→ **Information supplied**:
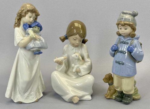ORNAMENTAL FIGURES (5 Nao figures), 31cms the tallest, Royal Doulton 'The Balloon Man' HN1954, 'The Old Balloon Seller' HN1315 and two items of Limoges
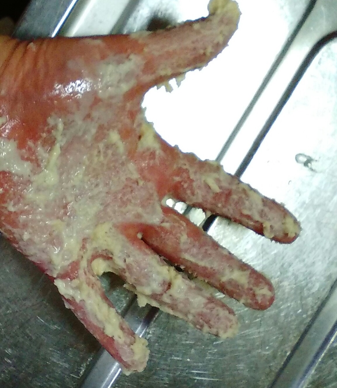 よく混ぜればまとまってくるかと思っていましたが、よけいにべとべとしてきて手におえなくなってきました。
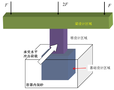 结构模型总体布置如图1所示,为一个双悬臂T形刚构。此T构模型可分为梁、墩和基础三个部件,梁直接承受竖向荷载,墩直接承受水平冲击荷载,基础埋置于填装砂子的容器中,提供模型的支承。
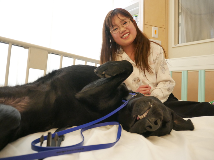 「オリは賢いので、私の意図を汲み取ろうとしてくれます。それだけに、私自身が子どもたちのために笑顔を届けられることを楽しんで、ハッピーな気持ちでいることで、オリもハッピーになれるのかな、と感じています。入院中の子どもたちの心に寄り添う看護をしたいと願ってきましたが、ハンドラーとしてファシリティドッグを通してそれを形にしていきたい、と思っています」

→ **Aim of the task**:
When you restate the listing, keep every word as it is and drop the pictures.

→ **Worked solution**:
ORNAMENTAL FIGURES (5 Nao figures), 31cms the tallest, Royal Doulton 'The Balloon Man' HN1954, 'The Old Balloon Seller' HN1315 and two items of Limoges
 よく混ぜればまとまってくるかと思っていましたが、よけいにべとべとしてきて手におえなくなってきました。
 结构模型总体布置如图1所示,为一个双悬臂T形刚构。此T构模型可分为梁、墩和基础三个部件,梁直接承受竖向荷载,墩直接承受水平冲击荷载,基础埋置于填装砂子的容器中,提供模型的支承。
 「オリは賢いので、私の意図を汲み取ろうとしてくれます。それだけに、私自身が子どもたちのために笑顔を届けられることを楽しんで、ハッピーな気持ちでいることで、オリもハッピーになれるのかな、と感じています。入院中の子どもたちの心に寄り添う看護をしたいと願ってきましたが、ハンドラーとしてファシリティドッグを通してそれを形にしていきたい、と思っています」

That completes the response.